Vor einem Jahr hat ein Mann drei Menschen bei einem Stadtfest in Solingen getötet. Das Attentat führte zu einer schärferen Migrationspolitik in Deutschland. Was das gebracht hat, ist umstritten.
Olaf Scholz kommt wenige Tage nach dem Angriff nach Solingen. Der damalige Bundeskanzler von der SPD will Mitgefühl und Handlungsstärke zeigen. "Alles, was in unserer Macht liegt, muss auch getan werden", sagt Scholz. Einige Monate später wird er einräumen müssen, dass das nicht gelungen ist.
Bei dem Messerangriff am 23. August 2024 tötet ein Angreifer drei Menschen während eines Stadtfestes. Kurz danach wird ein aus Syrien stammender Mann gefasst, der sich derzeit wegen Mordes aus mutmaßlich islamistischen Motiven vor Gericht verantworten muss.

Caroline Hoffmann, WDR, mit Eindrücken von der Gedenkveranstaltung in Solingen
tagesschau24, 23.08.2025 14:00 UhrDie damalige Bundesinnenministerin Nancy Faeser (SPD) und der damalige Bundesjustizminister Marco Buschmann (FDP) schnüren schon Ende August 2024 eilig ein sogenanntes Sicherheitspaket - mit schnelleren Abschiebungen, mehr Überwachung für Gefährder und einem schärferen Waffenrecht. Viele der Vorschläge sind schon länger in der politischen Debatte.

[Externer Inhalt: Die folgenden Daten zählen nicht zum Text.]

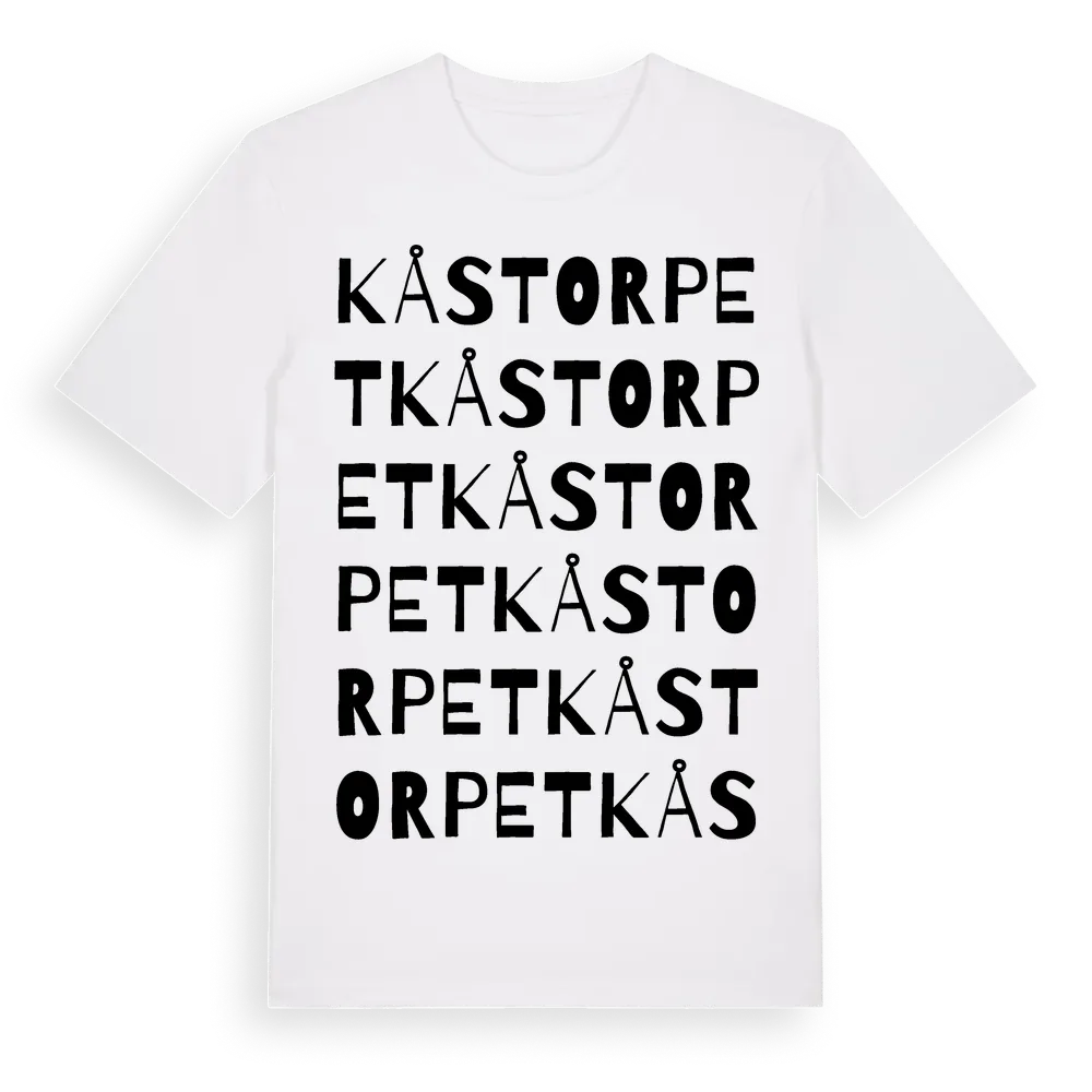 Kåstorpet ordlek t-shirt är inspirerad av Kåstorpet i Dalarnas län, Sverige. Tröjan är designad för dig som har en speciell koppling till platsen – oavsett om du bor här, har rötterna här eller bara älskar Kåstorpet.

Wahlkämpfe heizen Migrationsdebatte an
Für den damaligen Oppositionsführer Friedrich Merz ist das nicht genug. "Es reicht!", sagt der CDU-Politiker im Bundestag. Und weiter: "Wenn Solingen jetzt für die Koalition nicht der Wendepunkt ist, dann weiß ich nicht, was noch passieren muss, damit einige Leute hier endlich mal zur Besinnung kommen."

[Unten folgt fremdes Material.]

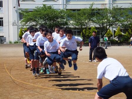 また、各学年で学年種目(1年ハリケーン、2年ムカデ競争、3年多人多脚)や縦割りブロック種目(大縄跳び)に取り組み、各クラスでお互いに励まし合いながら、今までの練習の成果を発揮していました。
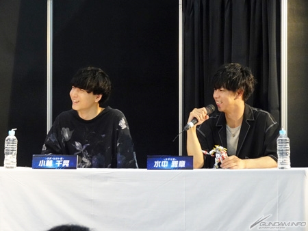 舞台請到了飾演悠人的小林千晃、飾演風見的水中雅章、機械設計的海老川兼武、BANDAI SPIRITS HOBBY事業部的清宮僚太和MC的綾見有紀登台。提早一步傳達了關於作品中登場的機械及鋼彈模型的最新情報,馬上就來報導其樣貌吧。

Merz steht unter dem Eindruck des Attentats in Solingen, aber er kennt auch die Umfragewerte seiner Partei in Sachsen, Thüringen und Brandenburg. Dort sind im September 2024 Landtagswahlen. Die AfD sitzt der CDU im Nacken. AfD-Chefin Alice Weidel fordert einen sofortigen Aufnahmestopp für alle Flüchtlinge und Grenzkontrollen.
Die kommen wenig später. Im September weist Innenministerin Faeser die Bundespolizei an, alle deutschen Grenzen in Stichproben zu kontrollieren. Davor war das nur an den Grenzen zu Österreich, der Schweiz, Tschechien und Polen der Fall. Wer nicht die nötigen Papiere hat und kein Asyl beantragt, soll zurückgewiesen werden.
Forscher: Politik wird getrieben von AfD
Auf Hannes Schammann wirkt das im Rückblick getrieben. "Migrationspolitik wird gemacht, um die AfD zu verhindern", sagt er im Gespräch mit dem ARD-Hauptstadtstudio. Schammann ist Migrationsforscher an der Universität Hildesheim und Mitglied im Sachverständigenrat für Integration und Migration. Nach seinem Eindruck spielen die Steuerung und das Management der Migration in der aktuellen Politik kaum noch eine Rolle. Die Debatte habe sich völlig entkoppelt.
Schammann macht das unter anderem an der Gesetzgebung fest: "Wir warten ja nicht mal ab, ob irgendein Gesetz funktioniert. Sondern wir beschließen gleich ein neues. Weil wir denken, es braucht für die Debatte ein neues Gesetz."
So ist es auch Mitte Oktober 2024. Der Bundestag beschließt das "Sicherheitspaket". Inklusive einem Messerverbot bei Volksfesten und in Bussen und Bahnen. Ausreisepflichtigen Asylbewerbern sollen Leistungen gestrichen werden können, wenn ein anderes EU-Land für sie zuständig ist. Recherchen des ARD-Hauptstadtstudios zeigen: Behörden setzen das bisher kaum um. Zu groß sind die rechtlichen Zweifel.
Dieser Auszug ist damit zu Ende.